|soft plastic fishing lures for saltwater fishing|
The first plastic baits are just glorified worms from the bass fishing industry. These lures had long, tubular shapes with a fish shaped tail.
New materials allowed for softer plastic and a rapid expansion in lure types in the saltwater fishing market. Injection molding became a construction technique that any promising lure inventor could master with a handful of soft plastic, a beaker and a microwave. All it required was a mold to pour it in.
Besides being easy to work with, the soft plastic gave lures more swimming action. Anglers quickly learned, that because it was soft, fish held onto it longer.
Soft bodied jigs are available today in huge numbers. Compared to natural hair type jigs, the soft plastics have more flex while retaining their natural size. This gives the lure more action while still looking natural.
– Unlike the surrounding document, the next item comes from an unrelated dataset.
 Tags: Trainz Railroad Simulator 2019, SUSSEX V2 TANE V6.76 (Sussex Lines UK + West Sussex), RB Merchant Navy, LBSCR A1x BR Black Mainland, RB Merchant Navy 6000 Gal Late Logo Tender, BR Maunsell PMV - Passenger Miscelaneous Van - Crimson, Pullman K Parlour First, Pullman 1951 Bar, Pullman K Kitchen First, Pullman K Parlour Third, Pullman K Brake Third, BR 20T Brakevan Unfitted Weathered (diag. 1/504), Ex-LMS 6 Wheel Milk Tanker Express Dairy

These lures can be rigged weedless by adding a small piece of wire, and they can also be rigged on a leadhead to make the lure swim deep.
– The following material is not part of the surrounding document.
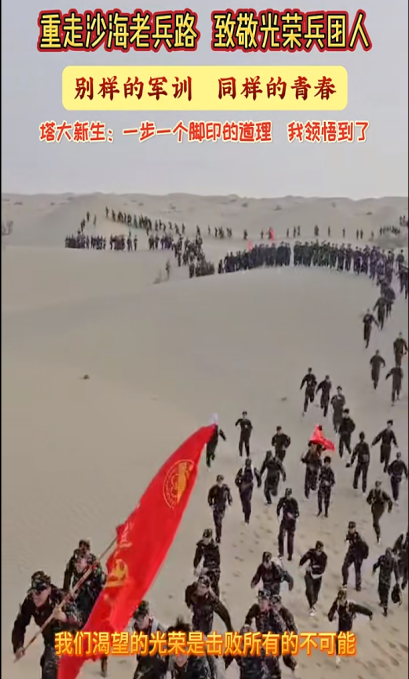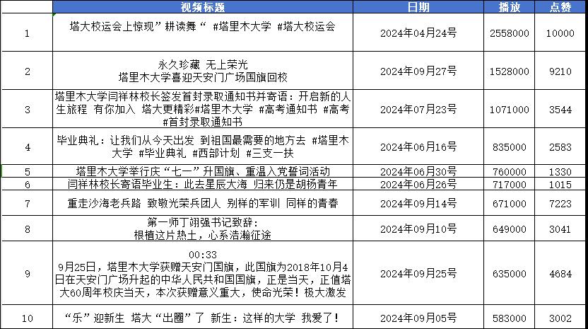 围绕新生军训和迎国旗,精心策划发布系列短视频,受到各级各类媒体大力报道、社会各界广泛关注,引爆全网,火爆出“圈”。2024年9月14日至21日,塔里木大学9000名新生来到“沙漠之门”红色研学、军训拉练,徒步重走“沙海老兵”路。胡杨·融媒体中心策划发布短视频,受到新华社、人民网、光明网、中新网、中国网、中国青年报6家国家级媒体和四川观察、羊城晚报、河南日报、新疆日报、兵团日报等88家省级媒体竞相报道,转发超过53万次,点赞超过125万次,浏览量突破1亿次。2024年9月25日、9月27日、10月1日,塔里木大学获赠天安门广场国旗,并组织开展万名师生迎国旗仪式、百名师生国庆观礼天安门广场升国旗仪式。胡杨·融媒体中心策划发布系列短视频,受到中央广播电视总台、新华每日电讯、新华社快看、人民网、光明网、中国网、中国共青团网、中国大学生在线、中青校媒9家国家级媒体和浙江日报、河南日报、封面新闻、羊城晚报、广东新闻频道、新疆兵团广播电视台、新疆卫视、新疆日报等85家省级媒体竞相报道,转发超过27万次,点赞超过76万次,浏览量突破5000万次。

There are also some other soft palstic lures for inshore fishing, such as tube lures, eels and plastic crabs. Small tube lures look like anything from squid to crab, while larger tube lures are made to resemble needlefish/ballyhoo darting through the water, something that drives fish, like barracuda, crazy. Plastic eels are made to resemble sand eels, some are weighted to get them deep off the beach where larger striped bass and bluefish roam. Baitfish and shrimp jigs are colorful, numerous and each has its own degree of wiggle and flash.